Directions for this task. Skip the images and copy each record exactly as written.

Data records.
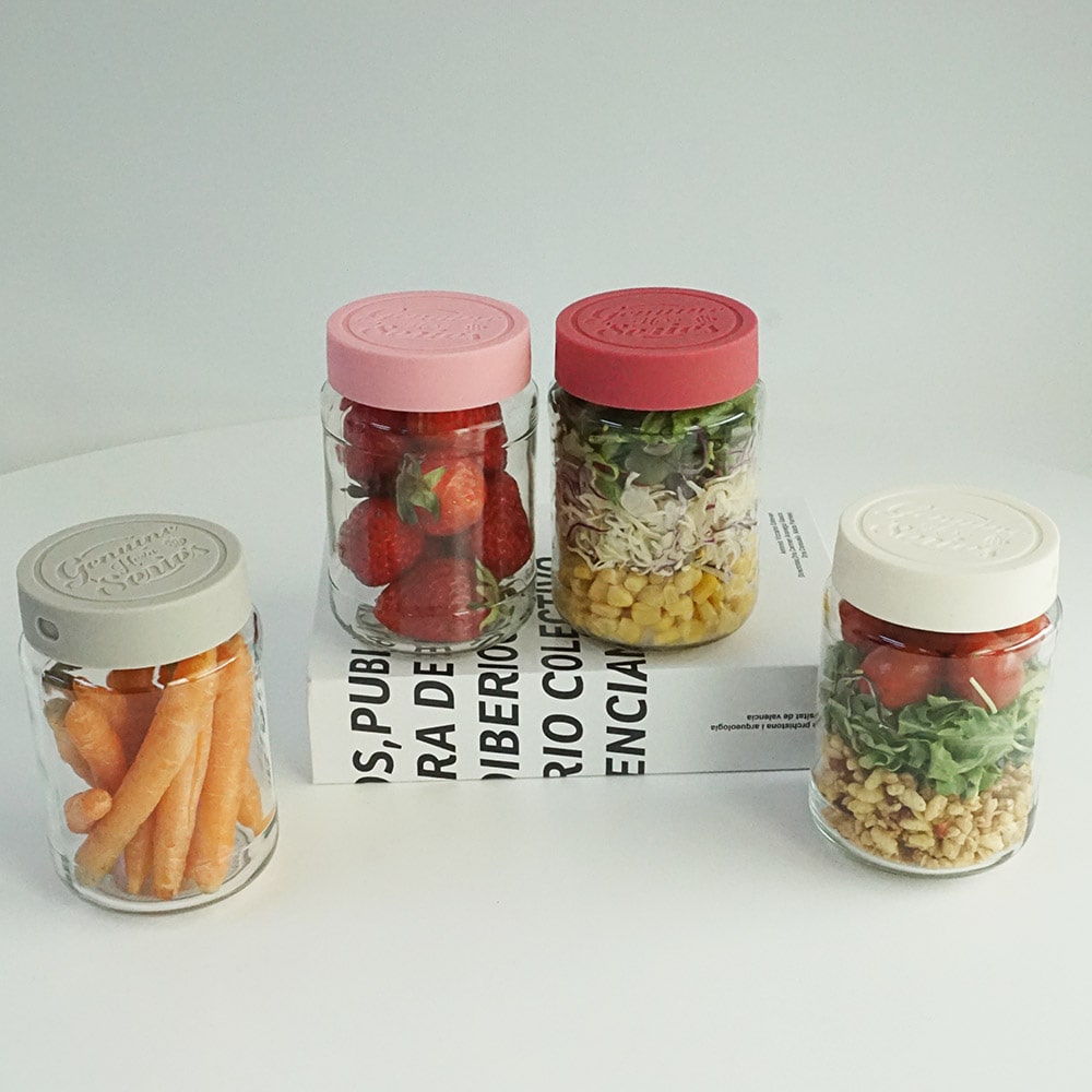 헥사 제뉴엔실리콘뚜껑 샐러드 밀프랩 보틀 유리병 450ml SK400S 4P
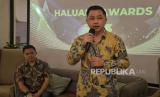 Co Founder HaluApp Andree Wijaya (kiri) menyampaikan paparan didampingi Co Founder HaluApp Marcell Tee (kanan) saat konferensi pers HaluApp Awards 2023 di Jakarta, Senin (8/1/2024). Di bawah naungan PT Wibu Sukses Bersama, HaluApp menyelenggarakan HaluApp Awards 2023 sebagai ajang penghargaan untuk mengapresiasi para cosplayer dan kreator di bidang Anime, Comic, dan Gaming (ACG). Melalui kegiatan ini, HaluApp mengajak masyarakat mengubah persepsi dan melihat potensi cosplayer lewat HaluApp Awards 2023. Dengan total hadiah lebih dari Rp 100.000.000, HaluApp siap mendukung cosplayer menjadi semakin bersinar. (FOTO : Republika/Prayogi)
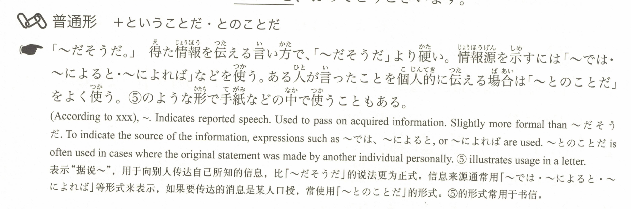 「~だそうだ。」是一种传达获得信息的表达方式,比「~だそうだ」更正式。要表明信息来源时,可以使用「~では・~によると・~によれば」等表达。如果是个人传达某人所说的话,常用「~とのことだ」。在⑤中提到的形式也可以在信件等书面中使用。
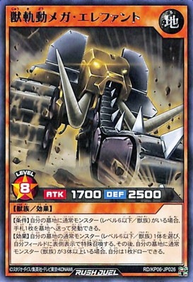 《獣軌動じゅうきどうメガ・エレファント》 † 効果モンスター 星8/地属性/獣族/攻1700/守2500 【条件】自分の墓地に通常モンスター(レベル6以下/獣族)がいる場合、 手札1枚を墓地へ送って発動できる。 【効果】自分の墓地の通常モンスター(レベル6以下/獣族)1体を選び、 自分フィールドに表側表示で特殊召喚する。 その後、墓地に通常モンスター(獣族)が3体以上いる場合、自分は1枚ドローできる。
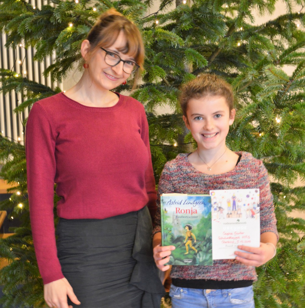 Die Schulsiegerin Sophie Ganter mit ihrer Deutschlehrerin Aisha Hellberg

Output for this task.
 헥사 제뉴엔실리콘뚜껑 샐러드 밀프랩 보틀 유리병 450ml SK400S 4P
 Co Founder HaluApp Andree Wijaya (kiri) menyampaikan paparan didampingi Co Founder HaluApp Marcell Tee (kanan) saat konferensi pers HaluApp Awards 2023 di Jakarta, Senin (8/1/2024). Di bawah naungan PT Wibu Sukses Bersama, HaluApp menyelenggarakan HaluApp Awards 2023 sebagai ajang penghargaan untuk mengapresiasi para cosplayer dan kreator di bidang Anime, Comic, dan Gaming (ACG). Melalui kegiatan ini, HaluApp mengajak masyarakat mengubah persepsi dan melihat potensi cosplayer lewat HaluApp Awards 2023. Dengan total hadiah lebih dari Rp 100.000.000, HaluApp siap mendukung cosplayer menjadi semakin bersinar. (FOTO : Republika/Prayogi)
 「~だそうだ。」是一种传达获得信息的表达方式,比「~だそうだ」更正式。要表明信息来源时,可以使用「~では・~によると・~によれば」等表达。如果是个人传达某人所说的话,常用「~とのことだ」。在⑤中提到的形式也可以在信件等书面中使用。
 《獣軌動じゅうきどうメガ・エレファント》 † 効果モンスター 星8/地属性/獣族/攻1700/守2500 【条件】自分の墓地に通常モンスター(レベル6以下/獣族)がいる場合、 手札1枚を墓地へ送って発動できる。 【効果】自分の墓地の通常モンスター(レベル6以下/獣族)1体を選び、 自分フィールドに表側表示で特殊召喚する。 その後、墓地に通常モンスター(獣族)が3体以上いる場合、自分は1枚ドローできる。
 Die Schulsiegerin Sophie Ganter mit ihrer Deutschlehrerin Aisha Hellberg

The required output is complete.